Blindfold me and dump me anywhere in the world and I will procure an invitation to an eccentric local artist’s home for dinner. Before having kids, I said yes to any offer that came with a plane ticket. I went to Cusco, Peru to apprentice with an Orthodox Jewish wigmaker, and Upper Peninsula, Michigan to research and design nuns’ habits in the basement of a church. As the Creative Director of Chopt, the fast casual salad chain, I climbed ladders to peer inside barrels of soy sauce in Kyoto, I huffed




Parmegiano Reggiano in Emilio-Romagno, and spear-fished uni in Vietnam. Life was unpredictable and thrilling, and these experiences cultivated in me a refined taste for freedom. Now, as a mother of two, the cadence my life is dictated less by kismet, and more by naps, snacks, playdates, and a weekly date night. I might be the happiest person you know, but I still miss arriving in a new city, making friends with friends of friends and eating more in one day than you probably eat in a week.
When we had our first child, Red, the fun changed but it didn’t stop. We brought her in a carrier to dance parties in Hydra and she slept in a black-out Slumber Pod at the foot of our bed in hotel room.



With the arrival of our second, Dov Bear, we became utterly conspicuous in an airport terminal -- double strollers, a duffle bag of snacks, and public outbursts of sibling rivalry (have you ever seen a child bite another’s head?). Where there were once charmed smiles from fellow travelers, there were now unsolicited reassurances -- “we’ve all been there” -- or worse, clucks of disapproval. (We are currently packing for a summer trip to Sicily, God help us. More on traveling with kids here).
Lately, I have been thinking about how, why, and when I travel alone, now that leaving home comes at a cost to the collective. “Business trips” seem unimpeachable, but what about the times when I just want some quiet? (I stash ear plugs all over my house; I am curious about these, specifically for parents). Is it ok for me to take a day to write, read, and think, without expending a drop of energy on answering questions? Why does it feel like the most entitled, selfish thing in the world to make a little space to sleep, poop, write, read, or eat, without interruption?
In retrospect, I guess I subconsciously sent out a bat signal when I wrote a Mother’s Day post detailing my fantasy to spend the holiday alone. Still, I was embarrassed when my husband made arrangements to take the kids to his parents’ house in Orange County so I could spend 48 hours alone at Hotel Joaquin in Laguna Beach. While other moms were picnicking with their children, I was skipping down the street carrying one water bottle instead of three. As I treated myself to the precious first bite of my own croissant, it dawned on me that this was the making of an annual tradition.
I sat down in a café to read Annie Erneux’s Simple Passion, a work of auto-fiction in which the narrator willingly submits to a love affair with a married man. Without a trace of shame, she upholds passion above all else, her kids included, and yet somehow, we don’t judge her for it (and it’s not just because she’s French).
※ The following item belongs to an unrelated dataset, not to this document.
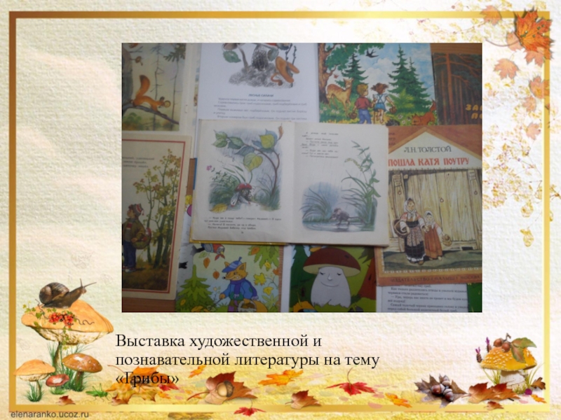 Слайд 9Выставка художественной и познавательной литературы на тему «Грибы»

“Children will always refuse to see the truth reflected in their mother’s absent stare and silent behavior: at times, they mean nothing to her, in the same way that grown-up kittens can mean nothing to a mother cat longing to go on the prowl.” The protagonist doesn’t apologize for indulging in her most intimate desires/obsessions, even as they compromise tightly held assumptions about what a mother’s interiority can/should look like. She sure as hell doesn’t double back with that rote qualifier, “Don’t get me wrong, I love my kids.” Sitting alone with a cappuccino, reading a book on Mother’s Day, it was far from Ernaux’s portrayal of her elicit affair, but still, I felt buoyed by her example.
When I returned home the next day, Red and Dov Bear wanted to know everything about my rather mundane trip -- what I ate, where I slept, and, “really, nobody else was there?” I didn’t come back with gifts from a far away land as per usual, and I had no adventuresome stories to tell. Instead, I encouraged them to imagine the unimaginable — their mother, not cooking, not working, not folding laundry, but just sitting still. Now there’s a story fantastical enough to live alongside unicorns and fairies in their little minds.